Ивану сделалось неловко. Далее длить безобразную сцену казалось уже невмоготу.
– Да уходите же вы прочь! Убирайтесь! – негромко, но грубо сказал он. – Пока на него столбняк напал. Чего ждете? Хватайте одежку и бегите! Потом, как в себя придете, станете разбираться!
Все зашевелилось, как будто бы ожила картина в детской игре про «море волнуется…». Отец Андрей вышел из горницы и сел в большой комнате за стол, с явным намерением дождаться жену. Загоруев судорожно, словно слепой, искал штаны и одновременно скреб все, до чего мог дотянуться. Все его белое, дородное, но без капли лишнего жира тело покрывали длинные красные полосы.
Иван зло сплюнул и вышел из избы.
Мать он отыскал в сарае, где она только что задала корм кабанчику. Кабанчик за загородкой весело хрюкал, крутил хвостиком и тыкался пятаком в распаренную тюрю.
– Помираешь, значит? – тяжело спросил Иван.
– Да вот, скрутило что-то, думала совсем концы отдам, – невозмутимо сказала Настасья, распрямляясь и глядя на сына из-под приставленной козырьком ладони. – На грибы вчерашние грешила. Хотела тебя позвать, попрощаться. А после и отпустило, слава Господу.
– А Фаня-то с Загоруевым откуда взялись? – Иван чувствовал себя обескураженным той легкостью, с которой мать врала ему прямо в глаза.
– Дак свидание у них тут. Она у него агентка. Сведения какие-то доставляет. Полицейские дела. Я в то не мешаюсь. Себе дороже. А за постой он исправно платит.

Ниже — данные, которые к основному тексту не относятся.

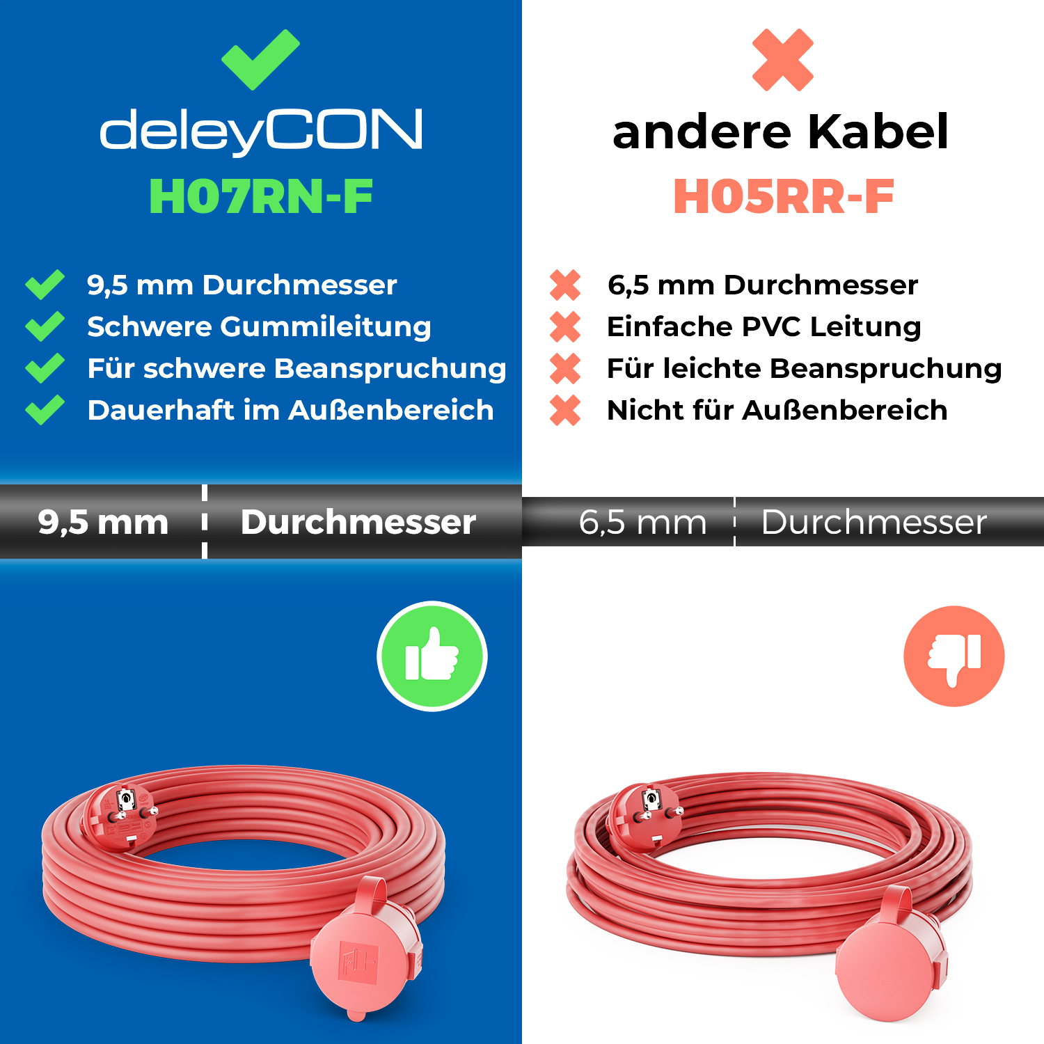 - Das deleyCON Outdoor Verlängerungskabel (H07RN-F 3G1.5mm²) ist bestens für den Einsatz im Garten, in Feuchträumen und sogar in industriellen Umgebungen geeignet, dank seiner Vielseitigkeit und Robustheit

– Господи, гадость-то какая! – поморщился Иван. В принципе, он давно догадывался о чем-то подобном, но не брал на себя труд задуматься повнимательней. – В моем доме…
– Это мой дом, сынок! – спокойно сказала Настасья. – Ты здесь месяцами не бываешь. У тебя есть в Егорьевске квартира, да у Гордеевых, да сорокинская сударушка еще… Там ты и живешь. А туточки – я одна. Мне этот дом когда-то Иван Парфеныч купил…
– Так ты что же, выгоняешь меня? – не понял Иван.
– Я тебе объясняю, – возразила Настасья. – Неужто ты думаешь, что, ежели б ты с матерью жил, тут что-то такое могло бы быть? То, что ты «гадостью» называешь? Да только ты же уж давно мать на гордеевские сребреники променял…
– Мама, ты говоришь чушь! – рассердился Иван. – Какие сребреники? Что брат с сестрой мне выучиться дали и к делу пристроили, на том большое им спасибо. Могли бы того и не делать. Отец-то, насколько я понимаю, пока жив был, как-то не торопился меня признавать…
– Да ведь и они тебя к делу-то семейному не подпускают! – воскликнула Настасья. – Будто ты им не брат, а наемный работник. Все знают, как ты, спины не разгибая… Сколько уж ты на них отпахал, давно долги-то вернул…
Иван молчал, и Настасья продолжала, распаляя сама себя.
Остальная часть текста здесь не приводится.